Die Folgen sind so aktuell wie für die Zukunft absehbar: Ausgerechnet dann, wenn wir knappe Güter wie zum Beispiel Medikamente am nötigsten für den Pandemie-Fall bräuchten, werden die Liefernetzwerke auch künftig zusammenbrechen. Der deutsche Medikamenten-Hersteller zum Beispiel kann aktuell nicht oder lediglich eingeschränkt liefern, weil seine indische Produktionsstätte nicht mehr produziert, da die chinesischen Lieferanten der Grundstoffe in häuslicher Quarantäne sitzen. Das ist die Pandemie-Supply-Chain, ein Rezept zur beschleunigten Ausrottung der Spezies. Ja?

Nein. Unsere Gesellschaft wird zwar vom Primat der Wirtschaft dominiert, doch die Politik ist nicht ganz so hilflos, wie sie häufig scheint. Bereits in der aktuellen Krise haben einige Landes- und Bundesminister angekündigt, dass sie sozusagen krisenwichtige Güter künftig verstärkt wieder in heimischen Landen produzieren und einlagern lassen wollen – wenn nötig, per Gesetz geregelt. Und nicht nur wegen Corona.
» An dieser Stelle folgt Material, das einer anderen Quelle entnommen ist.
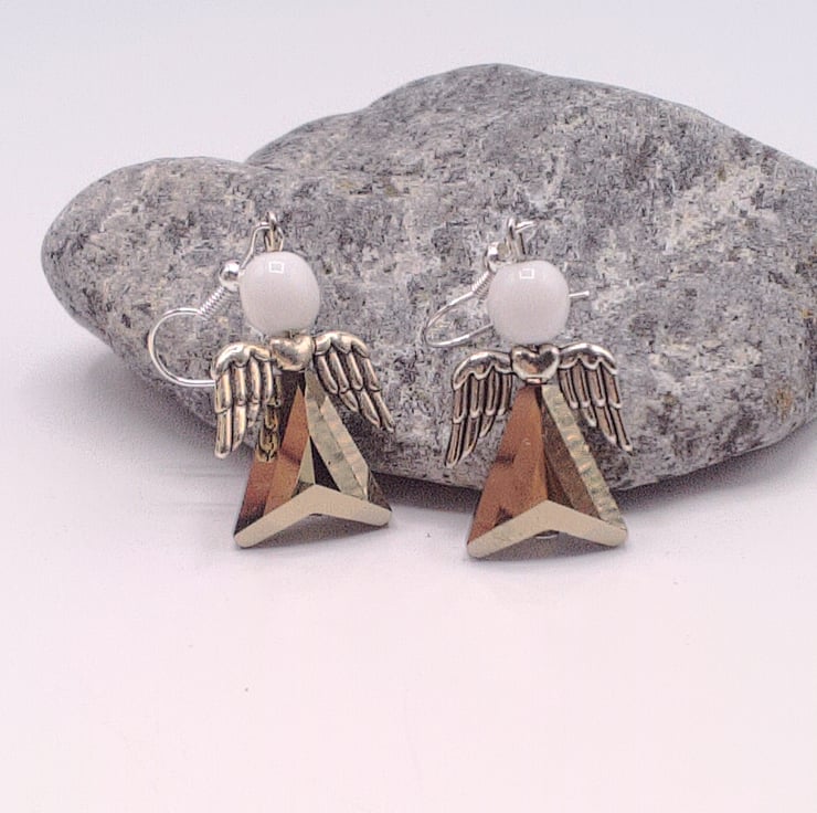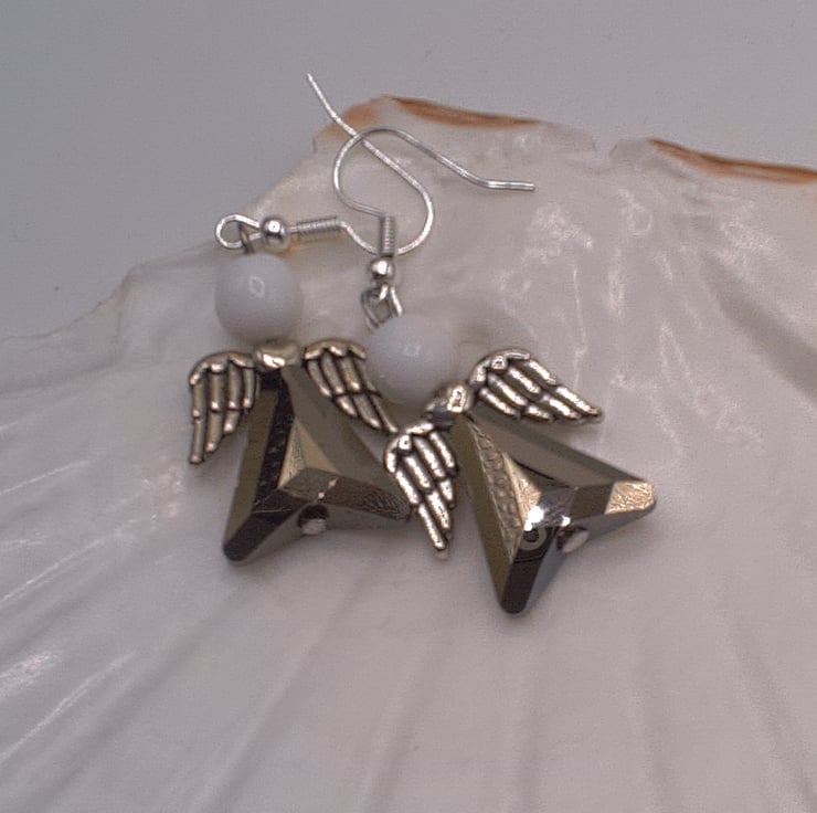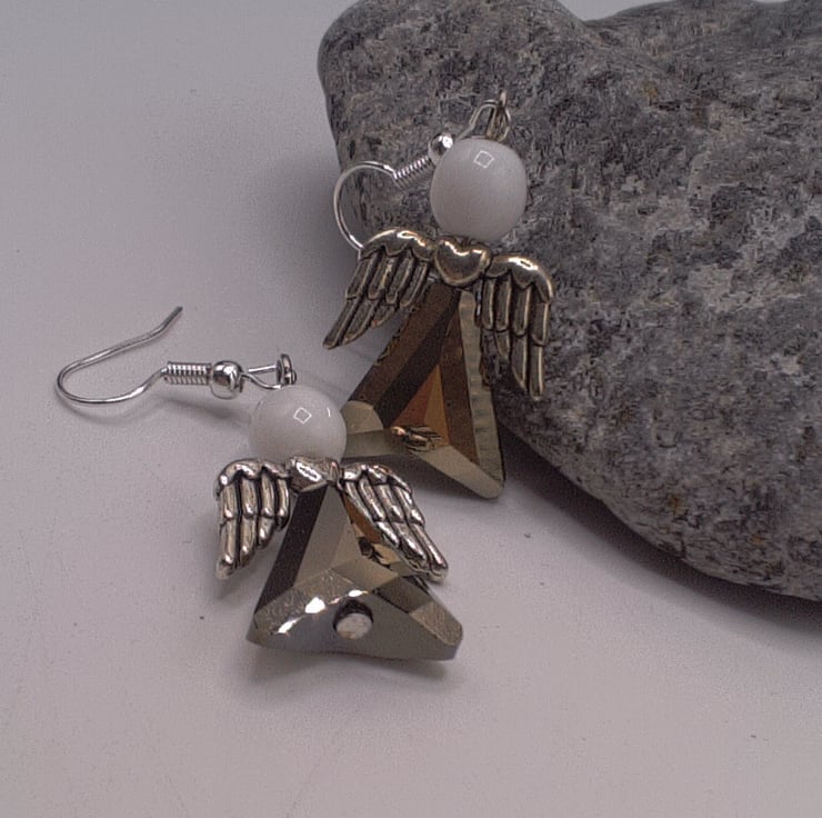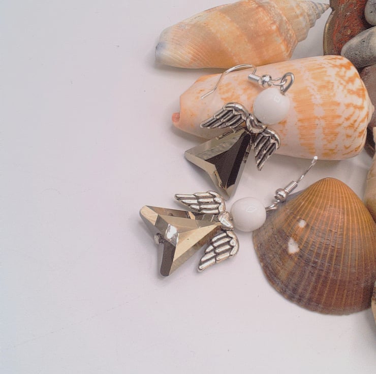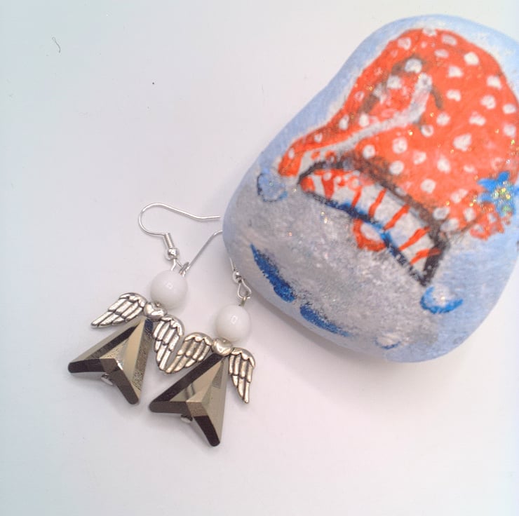 Silvery Grey Crystal & White Glass Bead Christmas Angel Earrings, Secret Santa , Christmas Gift, Earrings, Gift for Her, Angel Earrings, Birthday Gift, Anniversary Gift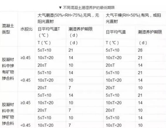 3.養(yǎng)護持續(xù)時間以規(guī)范中所規(guī)定的時間為最短時間,豎向混凝土結(jié)構(gòu)適當(dāng)增加養(yǎng)護時間,結(jié)合混凝土的組成及配合比、環(huán)境溫度與濕度、養(yǎng)護方法、風(fēng)力、風(fēng)速等諸多因素綜合考慮。

Schon lange vor Corona gab es in Deutschland und vielen anderen Ländern massive, das heißt dreistellige Versorgungslücken bei verschiedenen Medikamenten. Wenn die heimischen Hersteller aus Kostengründen dagegen nichts machen können oder wollen, müssen es eben unsere gewählten Volksvertreter – wenn wir ihnen ausreichend Dampf machen. Ganz nach dem Motto: Niemand kann es alleine. Weder die Wirtschaft noch die Politik noch wir so mächtigen Konsumenten. Aber wenn wir alle zusammenhelfen, kann es nur besser werden.